Israël a affirmé vendredi que la «zone de sécurité» occupée par son armée dans le sud du Liban était désormais consolidée avec la prise d'une crête montagneuse qui servait de position stratégique au mouvement pro-iranien Hezbollah.
L'armée israélienne avait annoncé jeudi soir la prise de cette crête, située au nord du fleuve Litani, et qui se trouve à la lisière de la zone occupée par Israël dans le sud du Liban.
«La prise de la crête d'Ali Taher marque l'achèvement du contrôle (par Israël, ndlr) de la zone de sécurité dans le sud du Liban», a déclaré le ministre de la Défense Israël Katz dans une vidéo diffusée par ses services.
Selon Israël, le Hezbollah avait creusé des tunnels dans ce secteur lui permettant de lancer des drones et des missiles contre les positions militaires israéliennes dans le sud du Liban, ainsi que sur le nord d'Israël de l'autre côté de la frontière.
L'armée israélienne va «maintenant finir de neutraliser ces tunnels» et renforcer ses positions sur la crête pour «empêcher l'ennemi de reprendre position dans la zone», a déclaré M. Katz.
«Israël ne se retirera pas de la zone de sécurité au Liban jusqu'à ce que le Hezbollah soit désarmé», a insisté le ministre israélien de la Défense.

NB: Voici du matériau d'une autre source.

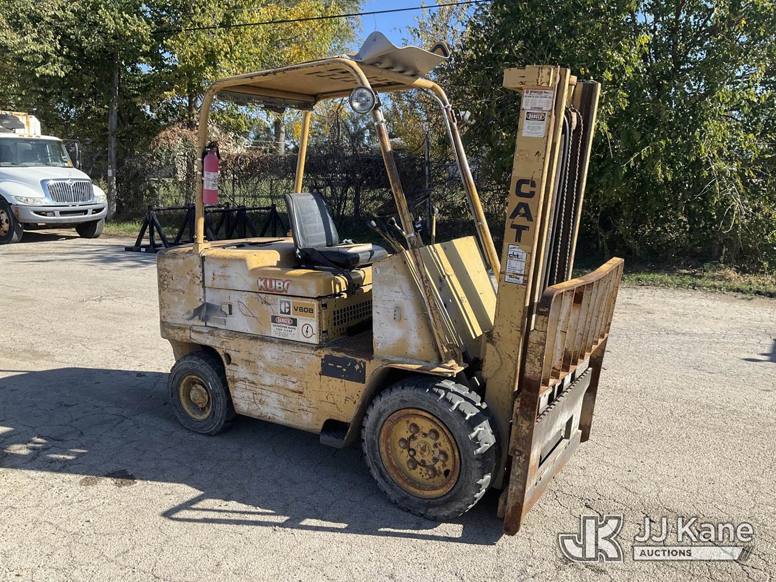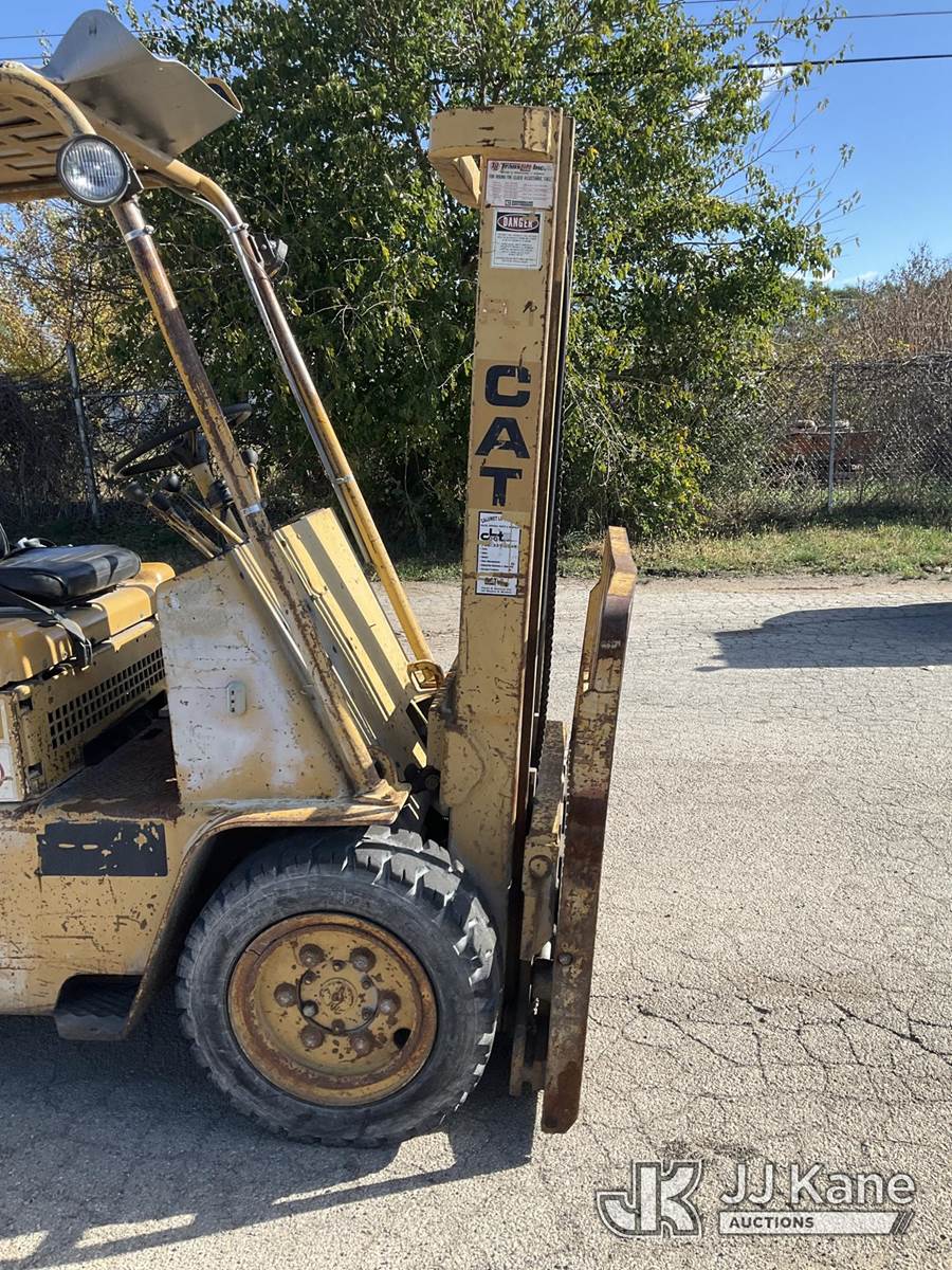 Caterpillar V60B Pneumatic Tired Forklift, 6-cyl gas, Shuttle, (Has Power-Does Not Crank-Condition Unknown(No VIN Plate, No Hour Meter, No Forks) NOTE: This unit is being sold AS IS/WHERE IS via Timed Auction and is located in South Beloit, IL. Inspection & preview days for this unit are the 2 business days prior to the first day of items closing for this auction, item is located at 14354 Dearborn Ave South Beloit, IL and hours of operations are 8a-4p. For pre-sale questions, please contact Derek Eklund at (608) 904-0618 or (derek.eklund@jjkane.com). (Buyer is responsible for removal. Assistance by consignor or JJ Kane Auctioneers is not assured.)

Fin mai, Israël avait pris le contrôle d'une autre position stratégique dans le sud du Liban, la forteresse médiévale de Beaufort, qui est proche de la crête.
Le Hezbollah a entraîné en mars le Liban dans la guerre régionale en solidarité avec l'Iran, mais les violences ont baissé d'intensité depuis l'entente entre l'Iran et les États-Unis en juin, parallèlement à un accord entre le Liban et Israël.
Pendant les négociations entre le Liban et Israël, les États-Unis, parrains des pourparlers, ont proposé que l'armée libanaise prenne le contrôle de la crête d'Ali Taher, mais le Hezbollah a refusé, a indiqué à l'AFP une source proche des participants.